#### ASSIGNED TASK
Go through the data below and copy it exactly, skipping every picture.

#### DATA SECTION

┄┄┄┄┄┄┄┄┄┄┄┄┄┄┄┄┄┄┄┄

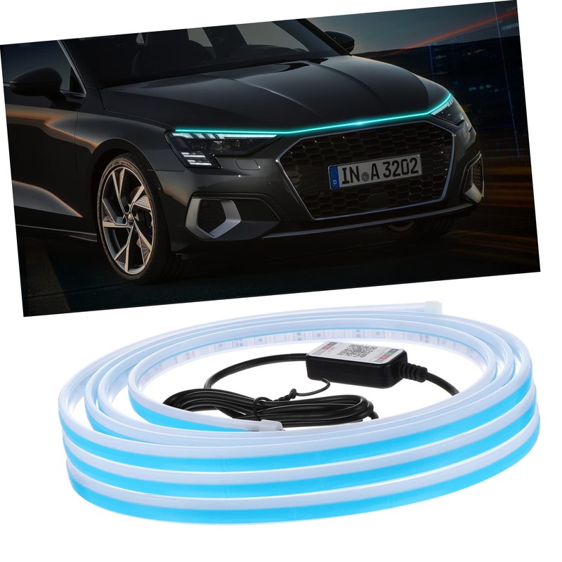 - Hood light strip: ✦✦ LED strip lights for car hood ✦✦ ---- this flexible car hood light strip is built with lamp beads, super brightness, made of silicone, non-heating elastic material. it can be bent at your will and has a lifespan.
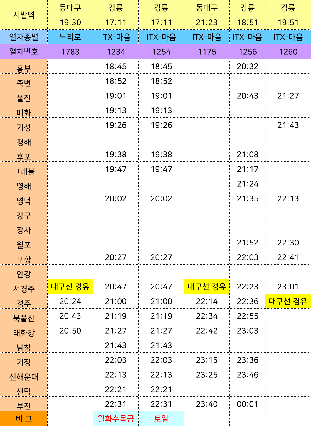 남행 기차 시간표
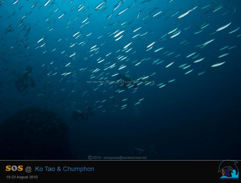 ที่กลางน้ำห่างจากกองหิน....หลังฝูงปลากล้วย (Fusillier) มีฝูงปลาอะไรว่ายอยู่นะ....
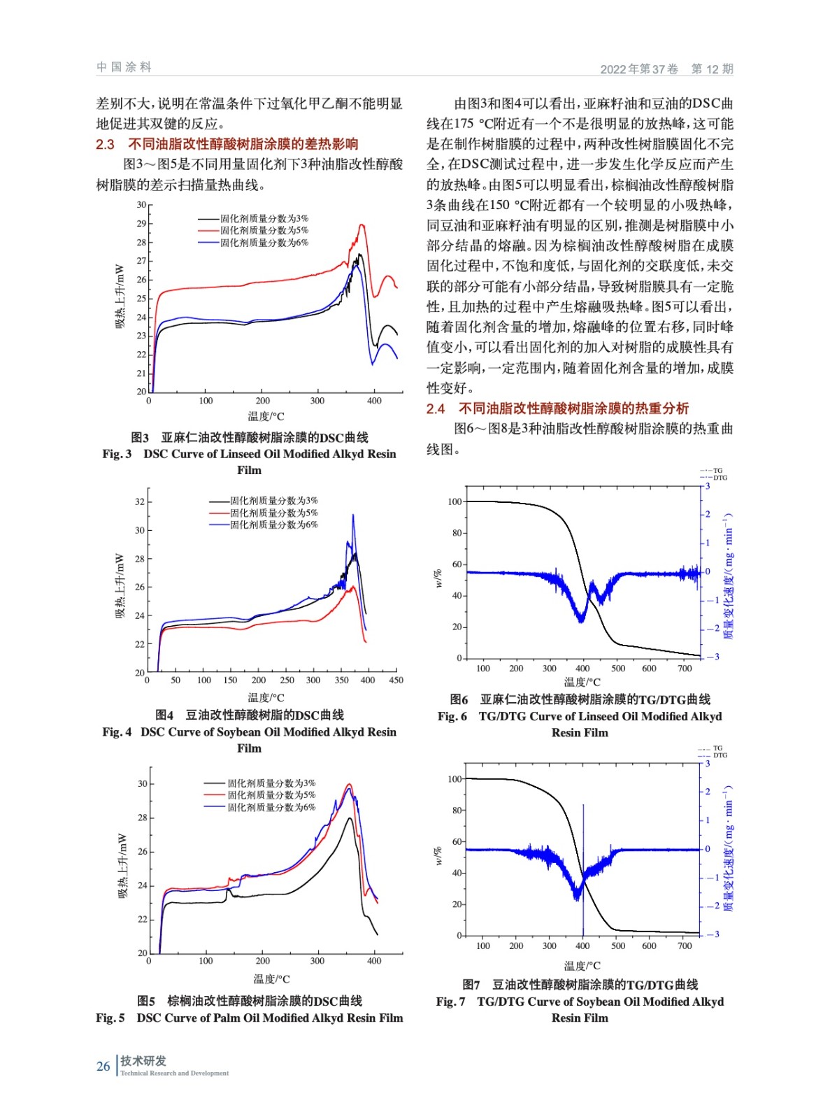 摘要:研究了基于亞麻籽油、豆油、棕櫚油相同油度(約52%~55%)植物油改性醇酸樹脂的成膜性能。利用過氧化甲乙酮(MEKP)作為固化劑,對醇酸樹脂涂膜在空氣中的時間、硬度、附著力、光澤度、沖擊強度、耐化學(xué)性和熱性能與未加固化劑的醇酸樹脂涂膜進(jìn)行了研究和比較。結(jié)果表明,過氧化甲乙酮對亞麻籽油和豆油改性的醇酸樹脂成膜性有一定的改善。通過熱重分析探測到亞麻籽油改性醇酸樹脂涂膜的分解溫度比較高,分解速度慢,耐熱性能更好。在差熱分析(DSC)的測試中發(fā)現(xiàn)棕櫚油改性醇酸樹脂涂膜的成膜的交聯(lián)度低,并且有小部分結(jié)晶,產(chǎn)生了熔融吸熱峰,驗證了棕櫚油改性醇酸樹脂的脆性。

┄┄┄┄┄┄┄┄┄┄┄┄┄┄┄┄┄┄┄┄

#### WRITTEN SOLUTION
 - Hood light strip: ✦✦ LED strip lights for car hood ✦✦ ---- this flexible car hood light strip is built with lamp beads, super brightness, made of silicone, non-heating elastic material. it can be bent at your will and has a lifespan.
 남행 기차 시간표
 ที่กลางน้ำห่างจากกองหิน....หลังฝูงปลากล้วย (Fusillier) มีฝูงปลาอะไรว่ายอยู่นะ....
 摘要:研究了基于亞麻籽油、豆油、棕櫚油相同油度(約52%~55%)植物油改性醇酸樹脂的成膜性能。利用過氧化甲乙酮(MEKP)作為固化劑,對醇酸樹脂涂膜在空氣中的時間、硬度、附著力、光澤度、沖擊強度、耐化學(xué)性和熱性能與未加固化劑的醇酸樹脂涂膜進(jìn)行了研究和比較。結(jié)果表明,過氧化甲乙酮對亞麻籽油和豆油改性的醇酸樹脂成膜性有一定的改善。通過熱重分析探測到亞麻籽油改性醇酸樹脂涂膜的分解溫度比較高,分解速度慢,耐熱性能更好。在差熱分析(DSC)的測試中發(fā)現(xiàn)棕櫚油改性醇酸樹脂涂膜的成膜的交聯(lián)度低,并且有小部分結(jié)晶,產(chǎn)生了熔融吸熱峰,驗證了棕櫚油改性醇酸樹脂的脆性。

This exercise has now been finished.